На закуску был исполнен без аккомпанемента один из самых популярных у евангелических сект гимнов; такого кошмара мои уши не слышали уже много лет.
Брось им веревку,
Брось им веревку,
Кто-то спасения ждет.
Брось им веревку,
Брось им веревку,
Кто-то уходит на дно… —
уныло тянули усталые, начисто лишенные слуха люди, после чего ждущие спасения отправились в соседнее помещение, служившее спальней, спасатели разошлись по домам, и я остался с Джоэлом Серджонером один на один.
— Да, сэр, я знал, что вы придете, но никак не ожидал увидеть вас так скоро, — сказал Серджонер; указав мне на ободранный стул, он экономно выключил электричество и сел по другую сторону стола.
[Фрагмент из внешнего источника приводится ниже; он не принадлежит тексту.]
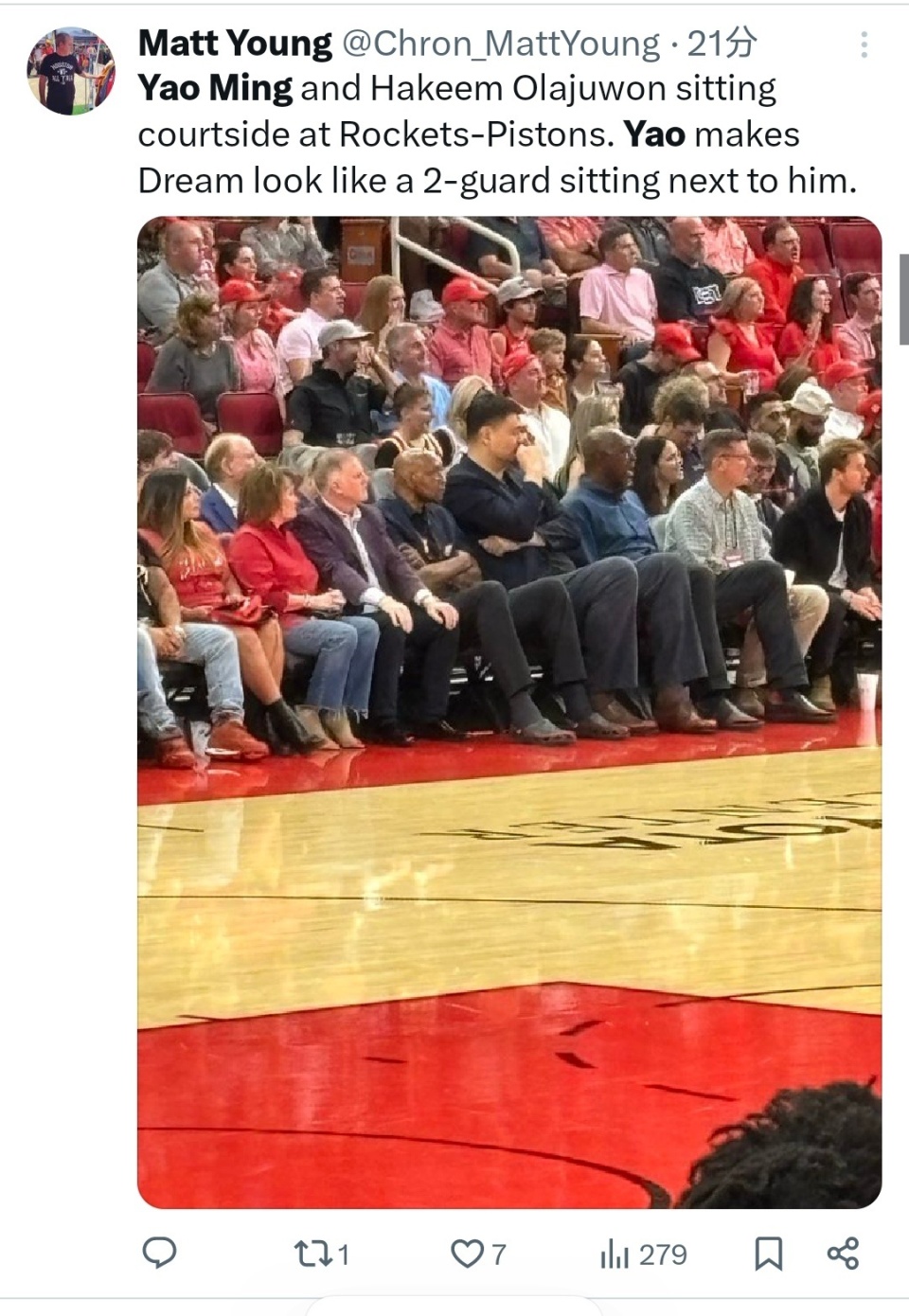 需要说明的是,这是姚明自2017年2月的球衣退役仪式后,首次来到休斯顿主场观看火箭的比赛。该场比赛,火箭在主场121-117力克公牛,哈登砍下42分12篮板9助攻。根据记录,姚明上次现场观战的火箭阵容,仅卡佩拉一人仍在火箭阵中,该场比赛卡佩拉8中7得到14分9篮板。而卡佩拉期间曾离开火箭队,直到今年夏天才重回火箭队。

В комнате стало совсем темно — масляные лампы давали больше копоти, чем света.
— Вы обещали показать мне, что приносят миссии ваши молитвы, — напомнил я, почти не скрывая издевки!
— Все, что вы видите вокруг. — Серджонер обвел рукой голые облупленные стены, взглянул на мое изумленное лицо, подошел к двери в соседнее помещение — это была двойная дверь с половинками, разъезжающимися на полозьях, какие встречаются на старых складах, — и широко ее распахнул. В слабом свете уходящего дня, сочившемся сквозь стеклянную крышу, я увидел убогую спальню с полусотней коек, на каждой из которых кто-нибудь лежал. — Все это принесла мне молитва; молитва, и упорный труд, и каждодневный сбор пожертвований — вот что обеспечивает им пищу и кров, мистер Рамзи. — Надо думать, он узнал мою фамилию в школе.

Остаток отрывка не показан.